Kim, So Yeon; Kim, Jeong-Yub; Shin, Woon-Seob; Lee, Seok Joon; Chi, Sung-Gil; Lee, Ji-Yun; Park, Myung-Jin.
Afiliação
  • Kim SY; 1 Division of Radiation Cancer Research, Korea Institute of Radiological and Medical Sciences , Research Center for Radio-Senescence, Seoul, Korea.
  • Kim JY; 2 School of Life Sciences and Biotechnology, Korea University , Seoul, Korea.
  • Shin WS; 1 Division of Radiation Cancer Research, Korea Institute of Radiological and Medical Sciences , Research Center for Radio-Senescence, Seoul, Korea.
  • Lee SJ; 3 Department of Pathology, College of Medicine, Korea University , Seoul, Korea.
  • Chi SG; 4 Department of Microbiology, Catholic Kwandong University College of Medicine , Gangneung, Korea.
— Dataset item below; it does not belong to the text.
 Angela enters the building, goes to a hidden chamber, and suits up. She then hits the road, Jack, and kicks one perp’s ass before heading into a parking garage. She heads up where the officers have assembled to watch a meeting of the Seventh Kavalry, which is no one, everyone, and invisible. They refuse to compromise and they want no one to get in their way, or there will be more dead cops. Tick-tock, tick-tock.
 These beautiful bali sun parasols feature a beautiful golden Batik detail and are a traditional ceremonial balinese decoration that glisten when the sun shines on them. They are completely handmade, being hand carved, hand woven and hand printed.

  • Lee JY; 5 Department of Pharmacology, Catholic Kwandong University College of Medicine , Gangneung, Korea.
  • Park MJ; 2 School of Life Sciences and Biotechnology, Korea University , Seoul, Korea.
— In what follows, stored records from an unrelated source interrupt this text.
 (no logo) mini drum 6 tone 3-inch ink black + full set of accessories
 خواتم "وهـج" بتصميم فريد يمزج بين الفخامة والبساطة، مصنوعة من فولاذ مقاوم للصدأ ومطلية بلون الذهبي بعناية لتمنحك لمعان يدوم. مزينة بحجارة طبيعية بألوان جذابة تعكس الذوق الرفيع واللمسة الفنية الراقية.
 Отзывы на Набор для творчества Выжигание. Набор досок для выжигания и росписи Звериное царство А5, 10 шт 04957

J Med Food ; 21(5): 496-505, 2018 May.
Article em En | MEDLINE | ID: mdl-29648968
ABSTRACT
Cancer stem cells, a small subpopulation of cells with stem cell-like characteristics found within most solid tumors, are widely reported to be responsible for the malignancy of aggressive cancer cells, and targeting these cells presents a sound therapeutic strategy for reducing the risk of tumor relapse. In the present study, we examined the effects of an extract of Saccharina japonica (ESJ) on glioblastoma stem cells (GSCs). Saccharina japonica is a member of the Phaeophyceae (brown algae) family, which displays biological activities, including antitumor effects. ESJ inhibited the sphere-forming ability of GSCs in vitro as evidenced by neurosphere formation and limiting dilution assays. Treatment with ESJ partially induced apoptosis, reduced cell invasiveness, and sensitized GSCs to ionizing radiation. In addition, ESJ inhibited the maintenance of stemness in GSCs by suppressing the expression of epidermal growth factor receptor (EGFR)/EGFR variant III (EGFRvIII) and Notch intracellular domain. Intriguingly, the observed ESJ-induced suppression also appeared to induce the proteasomal degradation of EGFR/EGFRvIII. Our results indicate that ESJ could be considered a potent therapeutic adjuvant that targets GSCs.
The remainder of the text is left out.